* DATA BELOW
-- Opening Marker --
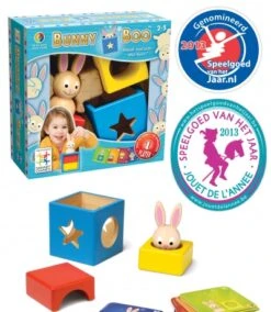 Met Bunny Boo kunnen jonge kinderen de fascinerende wereld van 2D en 3Druimte verkennen. Los de 60 opdrachten op en leer begrippen zoals boven/onder, binnen/buiten, zichtbaar/verborgen, enz. Kijkt het konijn door het ronde gat of door de ster? Zit het konijn op de gele, de rode of de blauwe blok? Sommige opdrachten zien er bijna hetzelfde uit. Toch kan de oplossing verrassend anders zijn, naargelang hoe ver de oren van het konijn boven de blokken uitsteken.
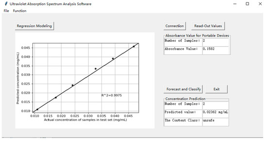 The operation interface of GUI software is shown in Figure 6, which mainly includes two functions: training set modeling and test set content prediction. The left area displays the results of content prediction in graphical form, and the right area displays the absorbance value, predicted concentration value, and preliminary sample classification result of the current test sample in text form.
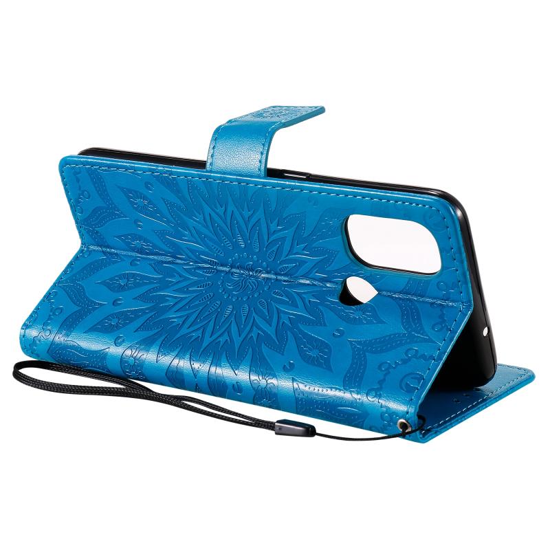 For OnePlus Nord N100 Sun Embossing Pattern Horizontal Flip Leather Case with Card Slot & Holder & Wallet & Lanyard(Blue)
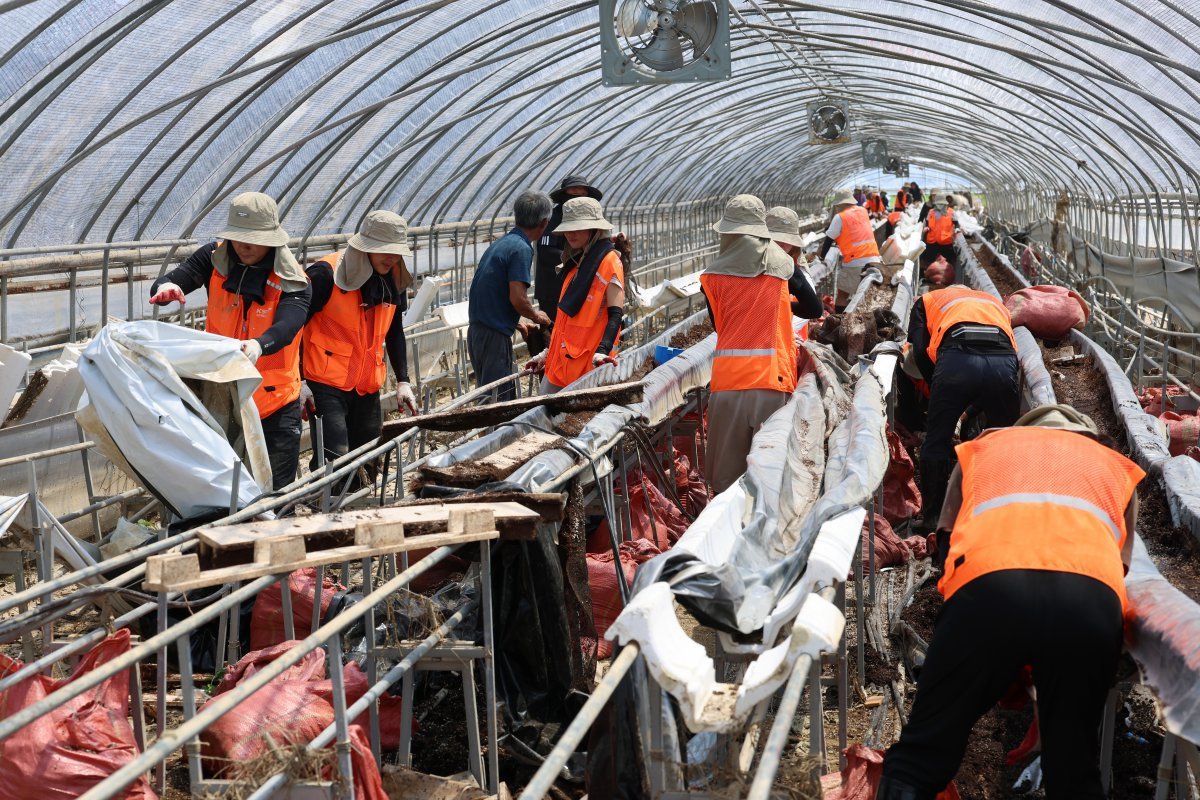국민체육진흥공단 봉사단원들이 딸기재배 비닐하우스에서 수해 피해복구를 위해 일손을 돕고 있다.
-- Closing Marker --
* EXERCISE BRIEF
Pictures in the listing above must be skipped; everything else should be copied exactly.

* EXPECTED ANSWER
 Met Bunny Boo kunnen jonge kinderen de fascinerende wereld van 2D en 3Druimte verkennen. Los de 60 opdrachten op en leer begrippen zoals boven/onder, binnen/buiten, zichtbaar/verborgen, enz. Kijkt het konijn door het ronde gat of door de ster? Zit het konijn op de gele, de rode of de blauwe blok? Sommige opdrachten zien er bijna hetzelfde uit. Toch kan de oplossing verrassend anders zijn, naargelang hoe ver de oren van het konijn boven de blokken uitsteken.
 The operation interface of GUI software is shown in Figure 6, which mainly includes two functions: training set modeling and test set content prediction. The left area displays the results of content prediction in graphical form, and the right area displays the absorbance value, predicted concentration value, and preliminary sample classification result of the current test sample in text form.
 For OnePlus Nord N100 Sun Embossing Pattern Horizontal Flip Leather Case with Card Slot & Holder & Wallet & Lanyard(Blue)
국민체육진흥공단 봉사단원들이 딸기재배 비닐하우스에서 수해 피해복구를 위해 일손을 돕고 있다.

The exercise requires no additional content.